■ **Data listing**:
------------

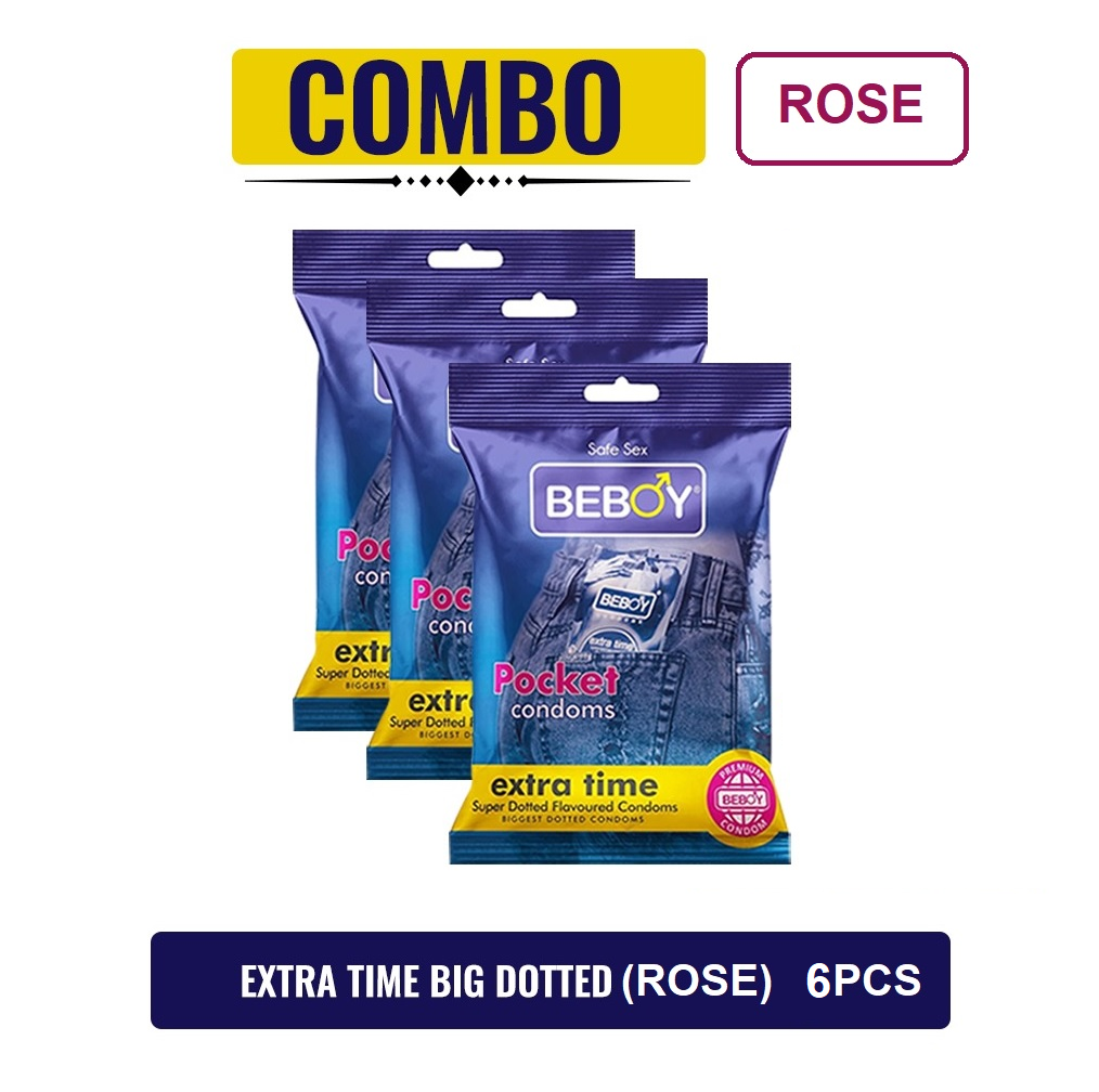 Beboy Extra Time Super Big Dotted Condom (Rose Flavoured) Pouch Pack (Combo) 2x3 - 6Pcs(India)
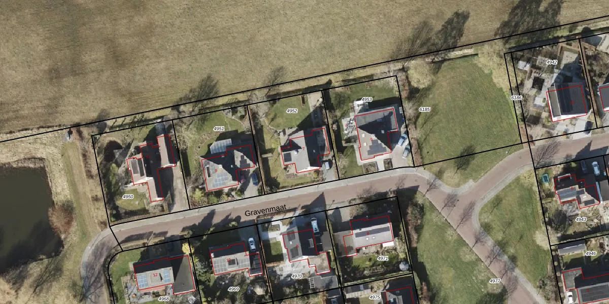 Gravenmaat 7 is gelegen op kadastraal perceel RDN01K4952. Deze kadastrale aanduiding is uniek en wordt gebruikt door het Kadaster om eigendomsrechten en andere zakelijke rechten vast te leggen. Het perceel maakt onderdeel uit van de kadastrale gemeente Roden.
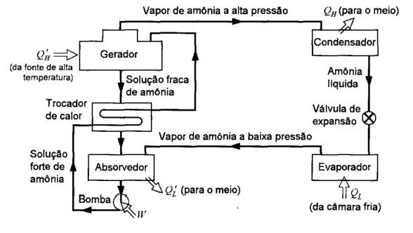 O vapor de amônia a baixa pressão, que deixa o evaporador, entra no absorvedor onde é absorvido pela solução fraca de amônia. Esse processo ocorre a uma temperatura levemente acima daquela do meio e deve ser transferido calor ao meio durante esse processo. A solução forte de amônia é então bombeada através de um trocador de calor ao gerador (onde são mantidas uma alta pressão e uma alta temperatura). Sob essas condições, o vapor de amônia se separa da solução em conseqüência da transferência de calor da fonte de alta temperatura. O vapor de amônia vai para o condensador, onde é condensado, como no sistema de compressão de vapor, e então se dirige para a válvula de expansão e para o evaporador. A solução fraca de amônia retorna ao absorvedor através do trocador de calor. A característica particular do sistema de absorção consiste em requerer um consumo muito pequeno de trabalho porque o processo de bombeamento envolve um líquido. Isso resulta do fato de que, para um processo reversível, em regime permanente e com variações desprezíveis de energias cinéticas e potencial, o trabalho é igual a –v.(P2-P1) e o volume específico do líquido (v) é muito menor que o volume específico do vapor. Por outro lado, deve-se dispor de uma fonte térmica de temperatura relativamente alta (100 a 200 °C). O equipamento envolvido num sistema de absorção é um tanto maior que num sistema de compressão de vapor e pode ser justificado economicamente apenas nos casos onde é disponível uma fonte térmica adequada e que, de outro modo, seria desperdiçada.
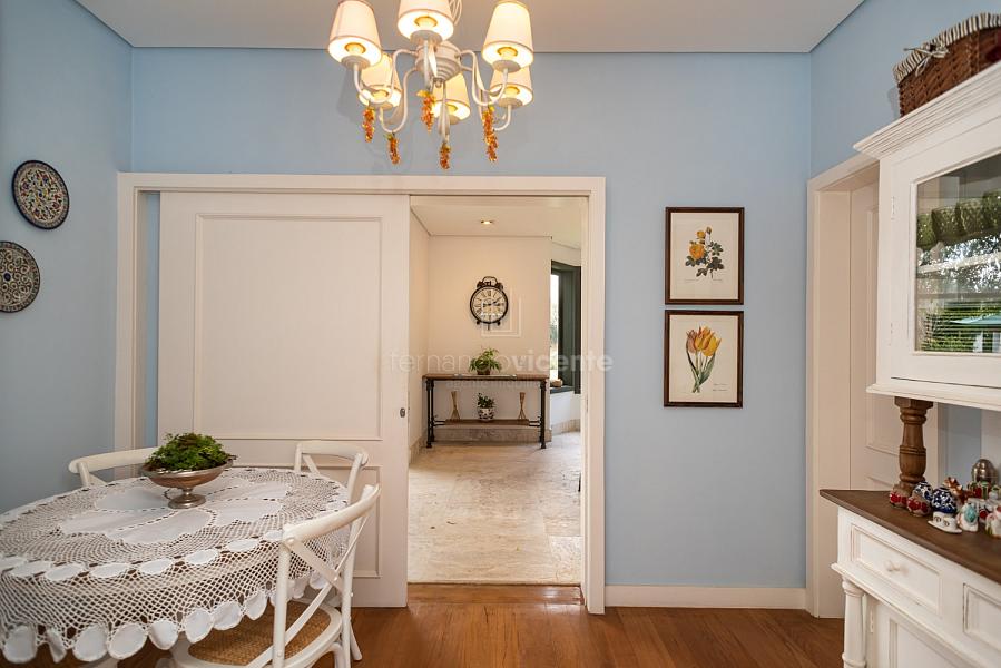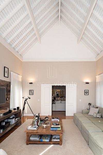 Os ambientes da casa são iluminados e arejados, graças às portas-camarão e janelas que permitem a entrada de luz natural. O pé-direito alto reforça a sensação de tranquilidade e sossego, proporcionando um ambiente acolhedor e convidativo.
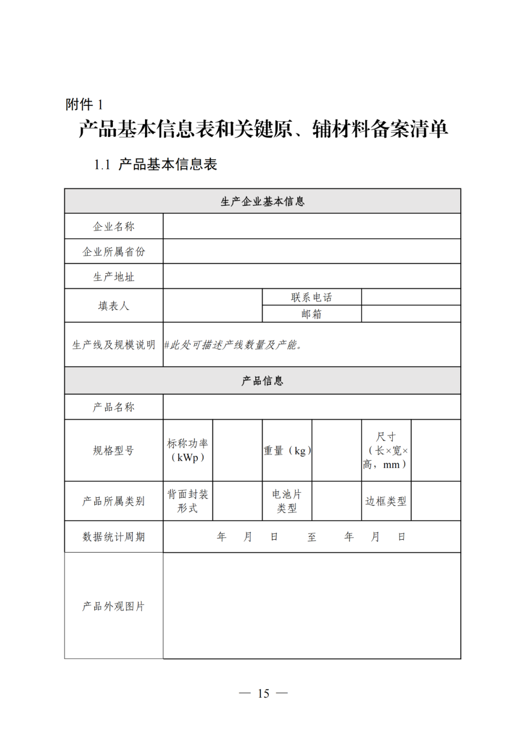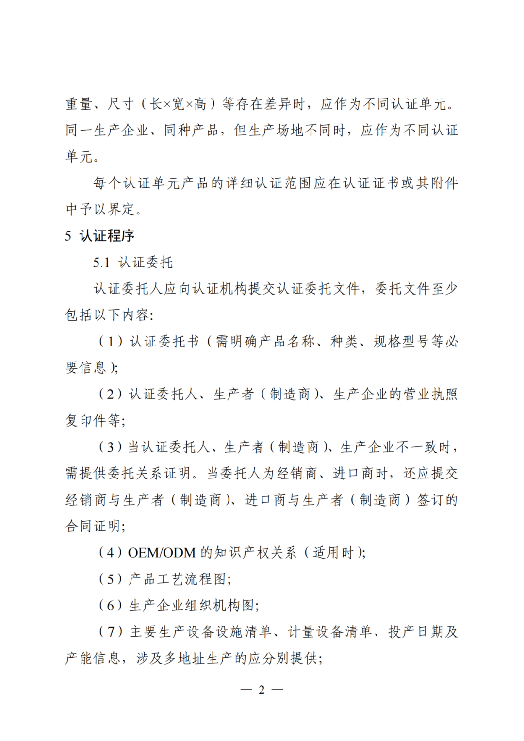 光伏组件原则上按照产品的规格型号划分认证单元。同一生产企业、同种产品、同一规格型号作为一个认证单元。其中,产品类别包含背面封装形式、电池片类型、边框类型三个参数,规格型号包括标称功率、重量、尺寸(长×宽×高)三个参数。产品的背面封装形式、电池片类型、边框类型、标称功率、重量、尺寸(长×宽×高)等存在差异时,应作为不同认证单元。同一生产企业、同种产品,但生产场地不同时,应作为不同认证单元。每个认证单元产品的详细认证范围应在认证证书或其附件中予以界定。
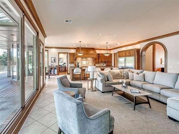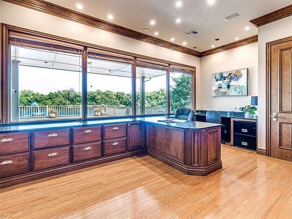 Step into lakeside luxury at its finest. This exceptional home was custom-built and the attention to detail is nothing short of extraordinary. Nestled on the shores of a stunning 20-acre lake. With unmatched views, serene surroundings, and ample space for both relaxation and recreation, this property offers the perfect blend of privacy and convenience. The grand entry welcomes you with a wide arched doorway. The foyers' stunning architectural detail sets the tone for this remarkable home. The formal dining room boasts a soaring ceiling with large windows while the formal living room offers a sitting area with an elegant fireplace. The spacious kitchen, family room, office and primary bedroom all have massive windows that overlook the lake. The kitchen is a chef's dream with brand new appliances, a large island, built-ins, and abundant storage, perfect for indoor and outdoor entertaining. The master suite has a multi-purpose room that opens to the outdoor living area. With too many amenities to list, this home is a rare opportunity to experience. Whether you're kayaking at sunrise, enjoying the expansive grounds, or entertaining guests in a beautifully designed home, every moment here is nothing short of extraordinary. Don't miss the opportunity to own this rare waterfront retreat located in Piedmont school district. Beyond the main residence, the estate features a 40x60 shop with an apartment. Providing additional space for guests of extended family. Perfect for your storage or car collection. This home has a brand new roof.

------------

■ **Exercise aim**: Repeat the listing exactly; do not print any picture.

■ **Problem solution**:
 Beboy Extra Time Super Big Dotted Condom (Rose Flavoured) Pouch Pack (Combo) 2x3 - 6Pcs(India)
 Gravenmaat 7 is gelegen op kadastraal perceel RDN01K4952. Deze kadastrale aanduiding is uniek en wordt gebruikt door het Kadaster om eigendomsrechten en andere zakelijke rechten vast te leggen. Het perceel maakt onderdeel uit van de kadastrale gemeente Roden.
 O vapor de amônia a baixa pressão, que deixa o evaporador, entra no absorvedor onde é absorvido pela solução fraca de amônia. Esse processo ocorre a uma temperatura levemente acima daquela do meio e deve ser transferido calor ao meio durante esse processo. A solução forte de amônia é então bombeada através de um trocador de calor ao gerador (onde são mantidas uma alta pressão e uma alta temperatura). Sob essas condições, o vapor de amônia se separa da solução em conseqüência da transferência de calor da fonte de alta temperatura. O vapor de amônia vai para o condensador, onde é condensado, como no sistema de compressão de vapor, e então se dirige para a válvula de expansão e para o evaporador. A solução fraca de amônia retorna ao absorvedor através do trocador de calor. A característica particular do sistema de absorção consiste em requerer um consumo muito pequeno de trabalho porque o processo de bombeamento envolve um líquido. Isso resulta do fato de que, para um processo reversível, em regime permanente e com variações desprezíveis de energias cinéticas e potencial, o trabalho é igual a –v.(P2-P1) e o volume específico do líquido (v) é muito menor que o volume específico do vapor. Por outro lado, deve-se dispor de uma fonte térmica de temperatura relativamente alta (100 a 200 °C). O equipamento envolvido num sistema de absorção é um tanto maior que num sistema de compressão de vapor e pode ser justificado economicamente apenas nos casos onde é disponível uma fonte térmica adequada e que, de outro modo, seria desperdiçada.
 Os ambientes da casa são iluminados e arejados, graças às portas-camarão e janelas que permitem a entrada de luz natural. O pé-direito alto reforça a sensação de tranquilidade e sossego, proporcionando um ambiente acolhedor e convidativo.
 光伏组件原则上按照产品的规格型号划分认证单元。同一生产企业、同种产品、同一规格型号作为一个认证单元。其中,产品类别包含背面封装形式、电池片类型、边框类型三个参数,规格型号包括标称功率、重量、尺寸(长×宽×高)三个参数。产品的背面封装形式、电池片类型、边框类型、标称功率、重量、尺寸(长×宽×高)等存在差异时,应作为不同认证单元。同一生产企业、同种产品,但生产场地不同时,应作为不同认证单元。每个认证单元产品的详细认证范围应在认证证书或其附件中予以界定。
 Step into lakeside luxury at its finest. This exceptional home was custom-built and the attention to detail is nothing short of extraordinary. Nestled on the shores of a stunning 20-acre lake. With unmatched views, serene surroundings, and ample space for both relaxation and recreation, this property offers the perfect blend of privacy and convenience. The grand entry welcomes you with a wide arched doorway. The foyers' stunning architectural detail sets the tone for this remarkable home. The formal dining room boasts a soaring ceiling with large windows while the formal living room offers a sitting area with an elegant fireplace. The spacious kitchen, family room, office and primary bedroom all have massive windows that overlook the lake. The kitchen is a chef's dream with brand new appliances, a large island, built-ins, and abundant storage, perfect for indoor and outdoor entertaining. The master suite has a multi-purpose room that opens to the outdoor living area. With too many amenities to list, this home is a rare opportunity to experience. Whether you're kayaking at sunrise, enjoying the expansive grounds, or entertaining guests in a beautifully designed home, every moment here is nothing short of extraordinary. Don't miss the opportunity to own this rare waterfront retreat located in Piedmont school district. Beyond the main residence, the estate features a 40x60 shop with an apartment. Providing additional space for guests of extended family. Perfect for your storage or car collection. This home has a brand new roof.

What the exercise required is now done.